START Supplied entries

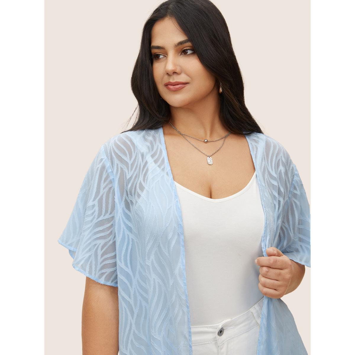 Plus Size Chiffon Texture Ruffles See Through Kimono Women LightBlue Elegant Texture Everyday Kimonos BloomChic 30/6X Product Image
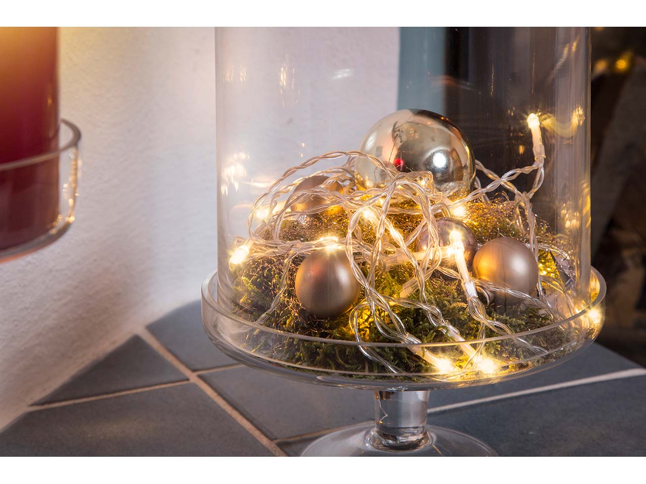 Dekorationen zum Funkeln bringen: Die batteriebetriebene LED-Lichterkette mit warmweißem Licht setzt Akzente im Innenbereich! Sie kann auf die Fensterbank, an den Spiegel oder einem festlich gedeckten Tisch das gewisse Etwas verleihen. Die Möglichkeiten mit der Lichterkette sind unendlich. Dank Batteriebetrieb muss keine Steckdose in der Nähe sein! Über den Schalter ist die Lichterkette schnell ein- oder ausgeschaltet. Der Timer ermöglicht eine flexible Anwendung.
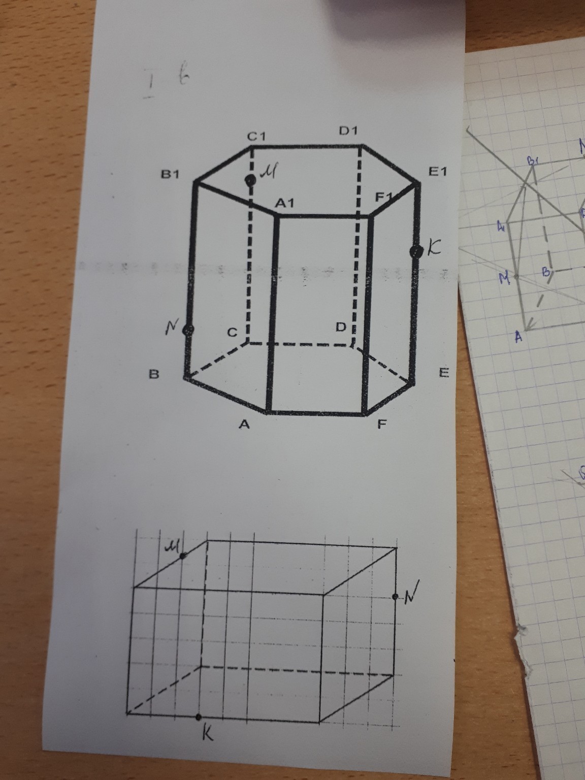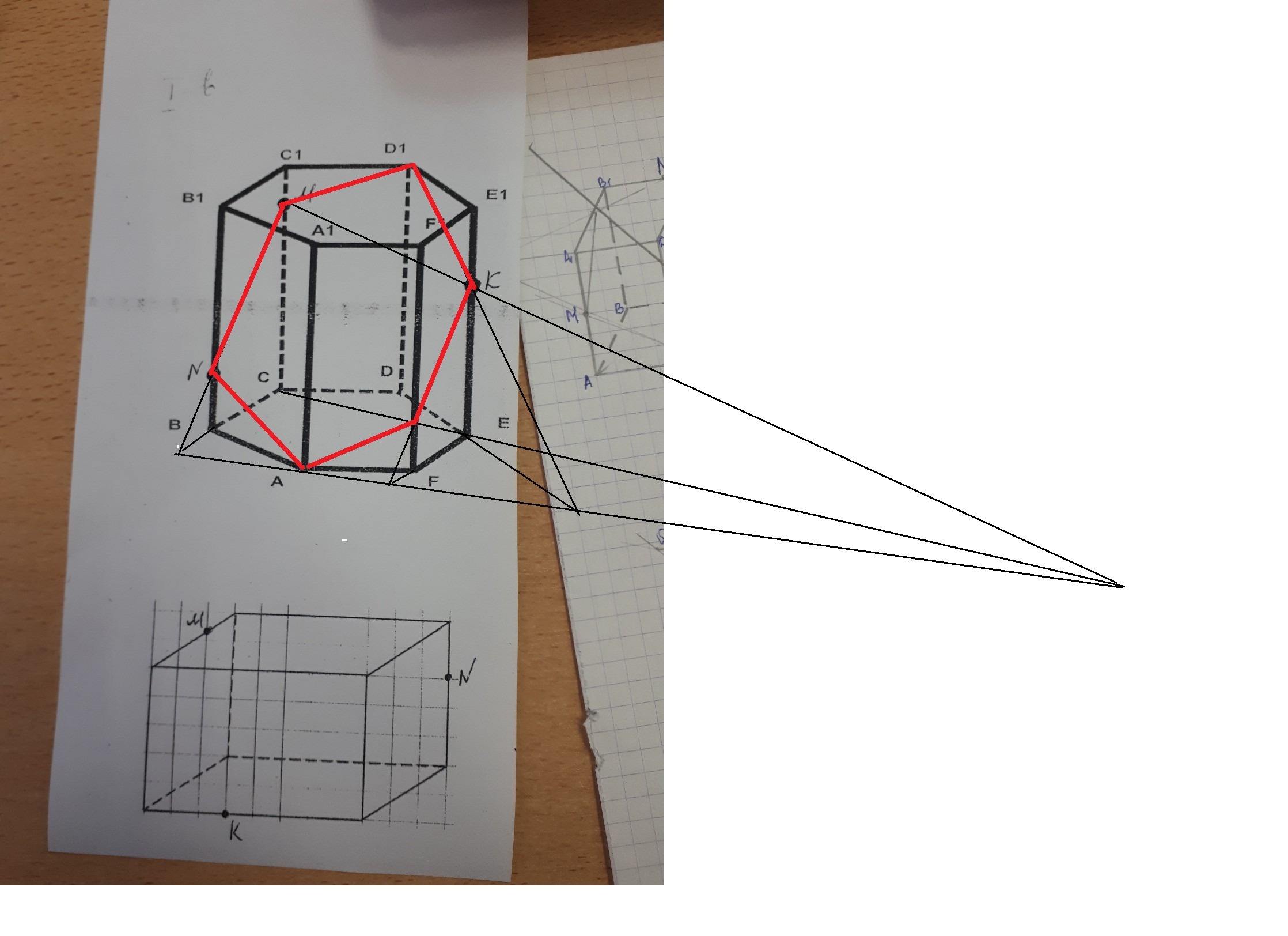 Затем использовать стороны основания для построения следов сечений боковых граней.
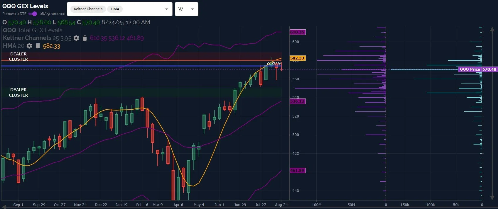 For a different perspective, let’s zoom out to the weekly chart, noting the failure just below the weekly Hull at 582.33 and the large GEX cluster at 550.
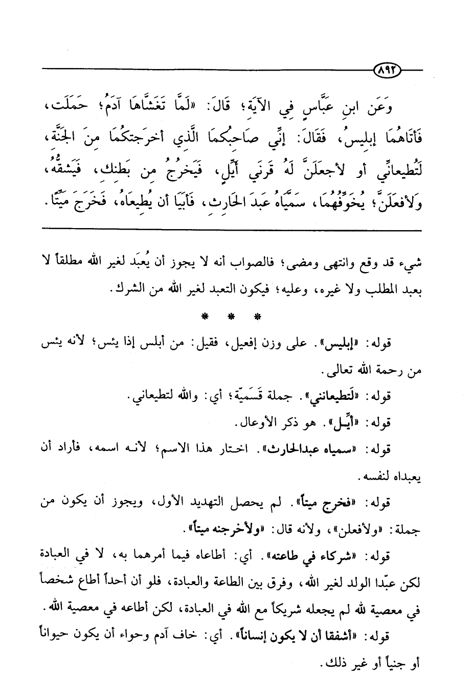 وعن ابن عباس في الآية، قال: لما تغشاها آدم، حملت، فأتاهما إبليس، فقال: إني صاحبكما الذي أخرجتكما من الجنة، لتطيعاني أو لأجعلن له قرني أيل، فيخرج من بطنك، فيشقه، ولأفعلن، يخوفهما، سمياه عبد الحارث، فأبيا أن يطيعانه، فخرج ميتا.
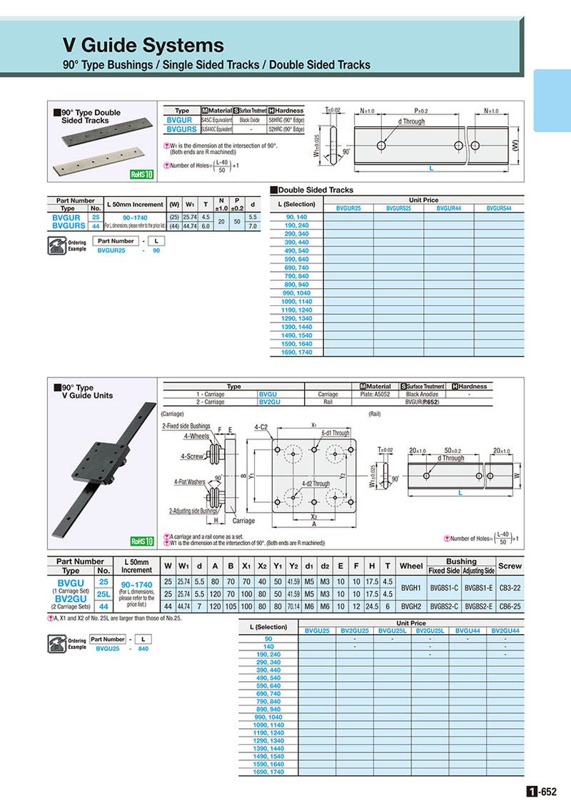 Thanh ray V 90°: Làm từ thép hợp kim hoặc inox, được nhiệt luyện và mài nhẵn, có độ cứng và khả năng chống mài mòn cao.
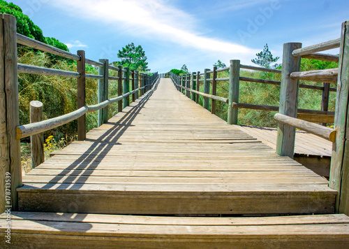 © Michelle List , Fototapeta premium Wooden bridge - Strandübergang
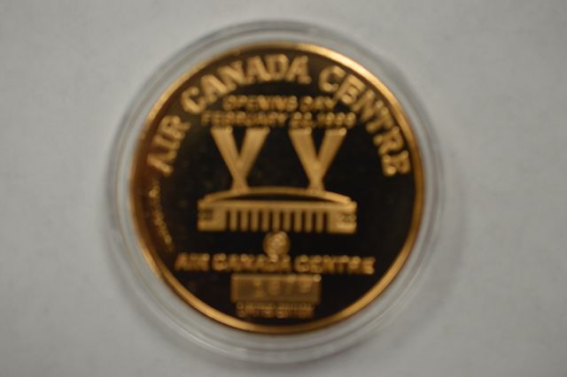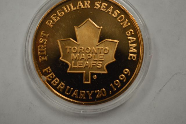 Toronto Maple Leafs Sold Out Edition 24 KT. Gold over .9999 pure sterling silver coin Commemorative Edition of The First Game at Air Canada Center February 20, 1999.
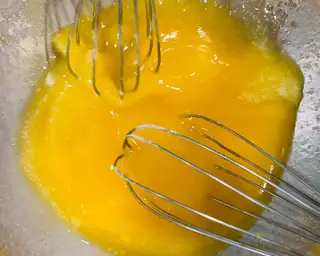 3.Đánh tan trứng trong 1 cái tô lớn rồi thêm vanilla, đường,bơ chảy trộn đều.
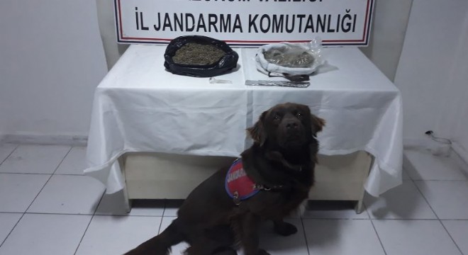 Erzurum’da jandarma ekiplerinin durdurup detektör köpek Çakıl’ın arama yaptığı otomobilin yedek lastiğinde 1 kilo 10 gram bonzai ele geçirildi.

END Supplied entries

| Work to complete |
Give again the lines of the listing above that run from the one with "Toronto Maple Leafs" up to and including the one with "3.Đánh tan trứng". Keep them exact and omit the pictures.

| Response to the exercise |
 Toronto Maple Leafs Sold Out Edition 24 KT. Gold over .9999 pure sterling silver coin Commemorative Edition of The First Game at Air Canada Center February 20, 1999.
 3.Đánh tan trứng trong 1 cái tô lớn rồi thêm vanilla, đường,bơ chảy trộn đều.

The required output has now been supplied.